New York Rep. Peter King, chairman of the Subcommittee on Counterterrorism and Intelligence, has called for Snowden’s extradition from Hong Kong, where he was last known to be hiding out.
King said the 29-year-old technical engineer should be "prosecuted to the fullest extent of the law."
Snowden, a former CIA employee who went public Sunday in interviews with The Guardian in the UK and The Washington Post, is hoping to seek political asylum, potentially in Iceland.
"The United States must make it clear that no country should be granting this individual asylum. This is a matter of extraordinary consequence to American intelligence," King said.
Donald Trump labeled Snowden a "bad guy."
"I don't like people like [Snowden] because there could be a national-security concern, and there probably is. At the same time, what he's doing is wrong and I think also what the government is doing is wrong.

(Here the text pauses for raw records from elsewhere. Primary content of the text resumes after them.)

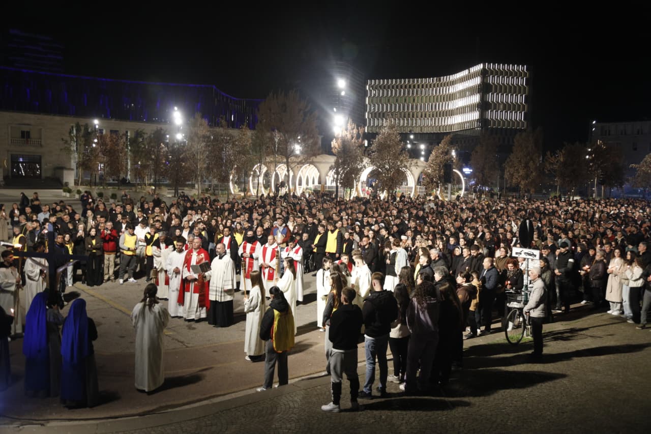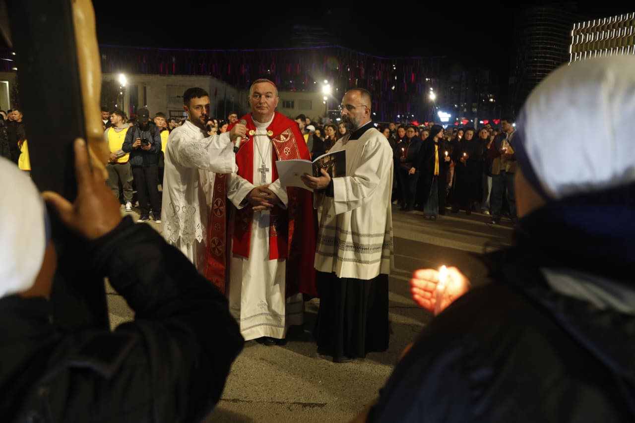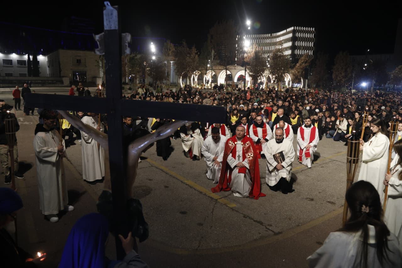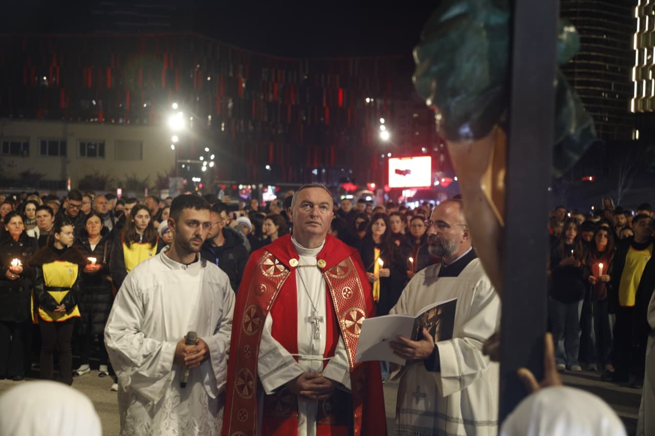 Qindra besimtarë katolikë u mblodhën në sheshin nënë Tereza në Tiranë për të kremtuar një nga ritet tradicionale në prag të Pashkës, Udhën e Kryqit, duke ndjekur 14 ndalesat që përkujtojnë mundimet e Jezu Krishtit drejt kryqëzimit. Imzot Arjan Dodaj foli për rëndësinë e reflektimit, solidaritetit dhe afrimit me njëri tjetrin.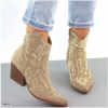 Botin texano cafe apliques brillantes tacon 7cm AA8A-AX83570-16 C-8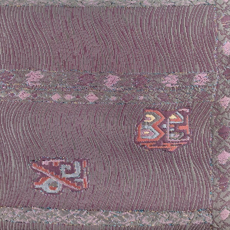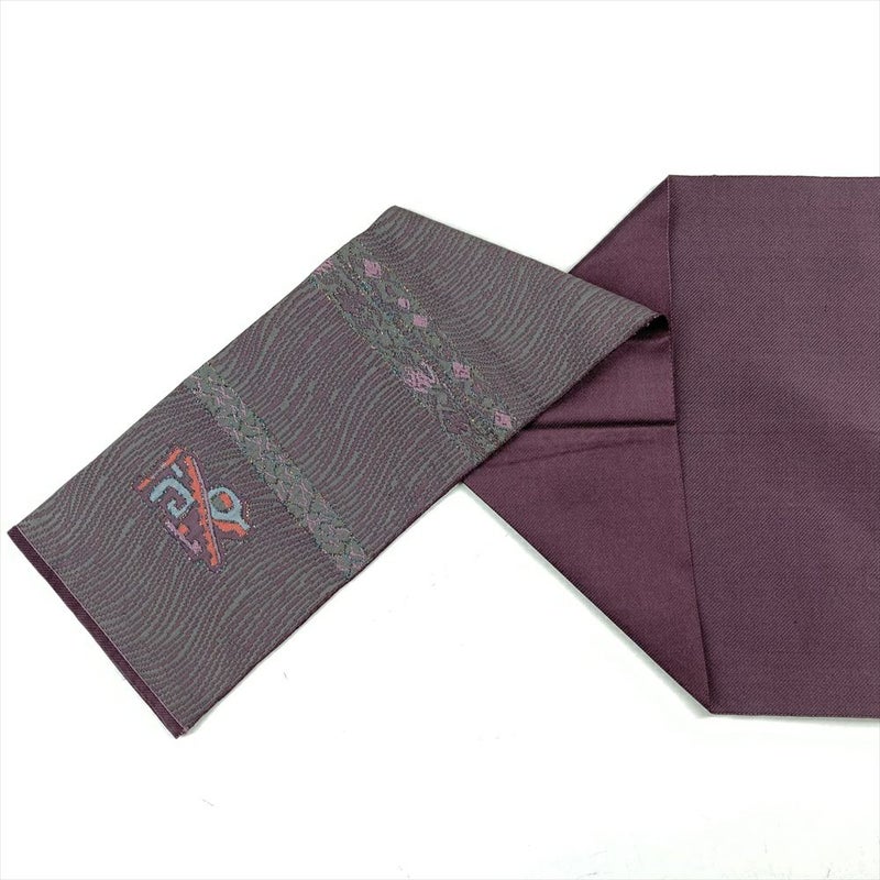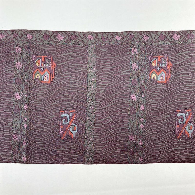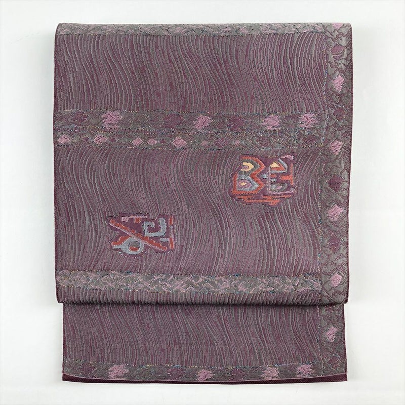 (中古)名古屋帯 紫 カジュアル 松葉仕立て 織り 流線 横段 幾何学柄
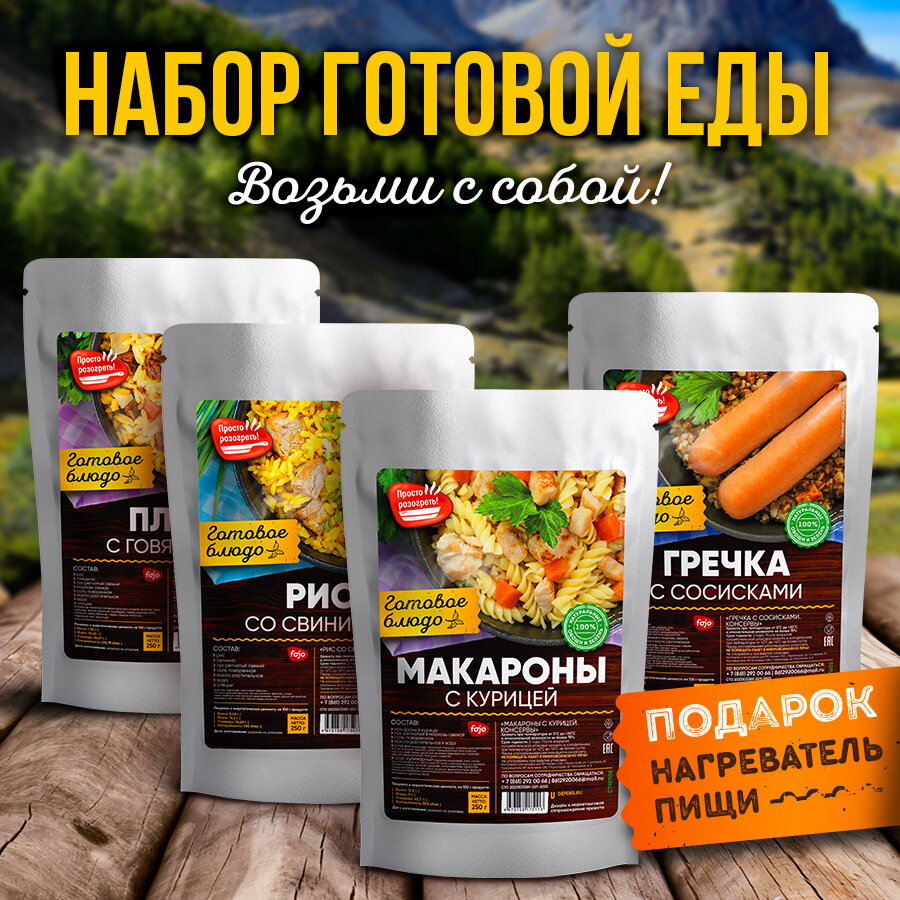 Сохранить7 вёрст Готовые блюда в фольге Набор 4 уп. + Подарок БНП 1 шт. (гречка с сосисками, плов с говядиной, рис со свининой, макароны с курицей) Консервы для походов, охоты, рыбалки интересное:

"They're going way too far, [but] at the same time, you never like a guy like this."
House Republican Whip Kevin McCarthy acknowledged there are two sides to the argument.
"We want to protect our civil liberties," he said. "But there is a fine line here that we need to have greater accountability and greater transparency, and I think there are going to be a lot of questions asked."

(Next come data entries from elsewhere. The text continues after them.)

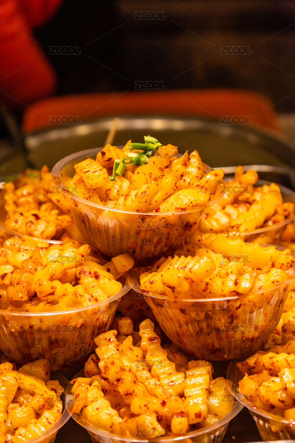 碗里的小吃麻辣土豆油炸土豆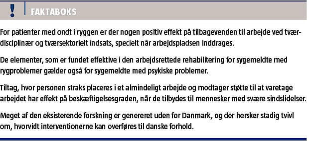 Overordnet er målet med arbejdsrettet rehabilitering at reducere antallet af borgere med helbredsbetingede funktionsbegrænsninger uden for arbejdsmarkedet [20]. Forskningen i TTA har været fokus for en lang række internationale studier siden midten af 1960’erne [21]. Siden 1980’erne har der været et øget fokus på tværfaglige interventioner, men der er ikke fundet entydig evidens for, at en tværfaglig arbejdsrettet rehabiliteringsindsats er effektiv over for længerevarende sygefravær [22, 23]. Når det gælder tværdisciplinær og tværsektoriel indsats over for patienter med ondt i ryggen, er der nogen positiv effekt på TTA, specielt når den sygemeldtes arbejdsplads også inddrages i indsatsen [22-24]. Ligeledes er der en vis evidens for, at elementer, som er fundet effektive i den arbejdsrettede rehabilitering anvendt over for sygemeldte med rygproblemer, også er effektive, når det gælder sygemeldte med psykiske problemer [25, 26]. Imidlertid er meget af den eksisterende forskning udenlandsk, og der hersker stadig tvivl om, hvorvidt interventionerne kan overføres til danske forhold. Ved det store danske nationale TTA-projekt [27], hvor man afprøvede en systematisk, tværfaglig og teambaseret tilgang i 22 kommuner, kunne der efter en relativ kort opfølgningstid ikke påvises en entydig effekt på TTA af den afprøvede samarbejdsmodel i forhold til sygefravær (på tværs af diagnoser) [27]. Skønt evalueringen endnu ikke er afsluttet har væsentlige elementer i projektet inspireret til den ny fleksjob- og førtidspensionslovgivning.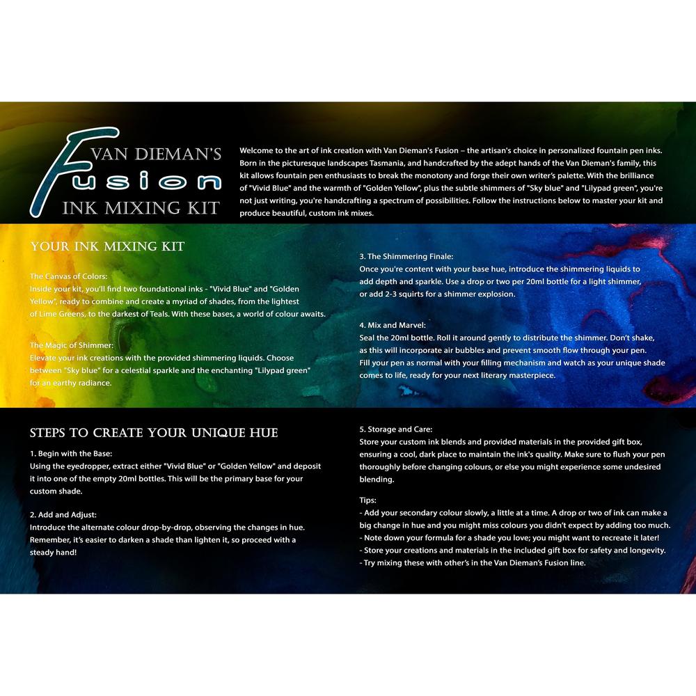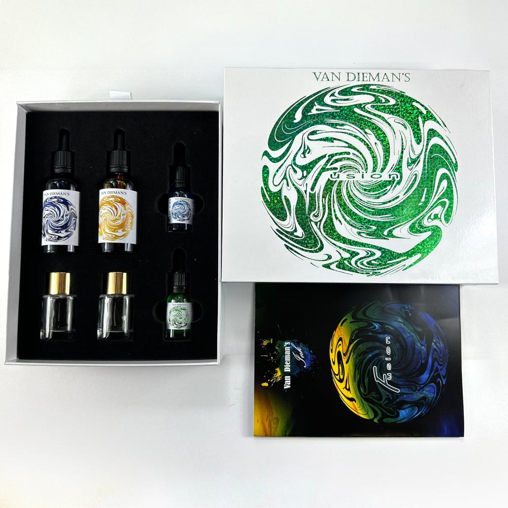 A world first in Fountain Pen Ink customization, Van Dieman's Ink from Launceston Tasmania, brings you FUSION - 5 Ink Mixing Kits with infinite possibilities.

McCarthy told Fox News he has "a real problem" with the NSA's reach. Yet when asked if Snowden should be treated as a "whistleblower" or be prosecuted, the California congressman said, "I would prosecute. If you're a whistleblower, you don't leave the United States. You don't go to a communist country.
"If you have grave concerns, then come before Congress."
House Intelligence Committee chairman Mike Rogers said Snowden had "released just enough information to literally be dangerous" and argued Snowden should have taken a different approach if he wanted to instigate change.
"He could come to the committees, if they had [concerns]. We have [inspector generals] that they can go to in a classified way if they have [concerns]."
House Majority Leader Eric Cantor told CBS News on Monday that Congress will launch a "very serious" investigation.
But libertarians in the party have taken a different approach, focusing more on what they see as the government's infringement on civil liberties.
Sen. Rand Paul of Kentucky on Sunday said he wants to mount a class-action lawsuit before the Supreme Court to challenge the federal government's logging of phone calls and Internet activities.
"I'm going to be asking all the Internet providers and all of the phone companies: Ask your customers to join me in a class-action lawsuit," he said. "If we get 10 million Americans saying we don't want our phone records looked at, then maybe someone will wake up and something will change in Washington."
Sen. Mike Lee of Utah told Politico, "This is a good example of the fact that this is an issue that is neither Republican or Democrat. It's neither liberal nor conservative. It's simply American."